Occasionally it's easier to rope and do a dexter bull that size in the field rather than take the whole herd across the farm to the corral for one young bull. A 8-9 month old dexter is tiny compared to our beef cows. I wouldn't do it with the larger cows at that age without getting them to the headcatch.


----------



## Oakshire_Farm (Dec 4, 2008)

Oatbran, I raise holstein bull calves that I pick up from local dairys and then raise till weaning and sell. They do not suckle off cows they are usually bucket fed but we have just switched to peach teats, a teat mounted, the back side of the teat has a rubber tube that goes into a bucket of milk, they calves have free choice of milk! It is a great system, they calves are doing great on it.

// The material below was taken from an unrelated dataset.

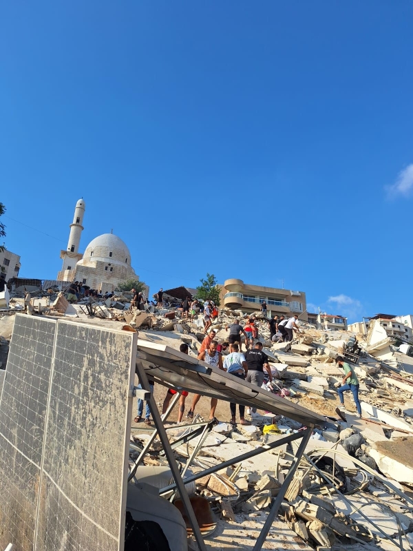 بالفديو اثار القصف في مبنى جمعية المقاصد الخيرية الإسلامية في صيدا
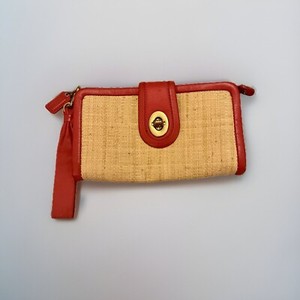 Coach Style #LO868-4274 Parker Wristlet Wallet in Natural Straw & Pink Leather

The calves are usually in the barn, but have access to go out side to the barn yard and head out to the pasture. I am not sure how leaving the calf with the mother would do? I never have calves on my cows, I take my calves away from the cows at birth and hand raise them and milk my cows to feed the calves.

And yes my dad even butchers the heifers. He has yearly sales for the same amount of calves he produces so they all go.


----------



## Timberline (Feb 7, 2006)

springvalley said:


> I`m sorry I don`t mean to be rude, but I am always fasinated by all the backyard Vets out here. I have cut so many bulls in my life I think I could do it in my sleep.Thanks marc


Lack of experience was my concern for Oatbran. You've done lots of them, this person obviously hasn't, said these were their first cattle. It's a nine month old bull with a health issue which has the potential to complicate castration. 
Nope, I'm not a vet, but was a vet tech for a dozen years. I've seen a lot of animals hurt to the point that the initial cost of having a vet do something was much less than having the vet fix a problem that could have been prevented. Worse would be if a person was hurt. If Oatbran could get someone like you with experience to help, that would be beneficial for everyone involved. I also raised Dexters for many years and those little buggers are strong and will fight to defend themselves, just like any bull. Just my opinion.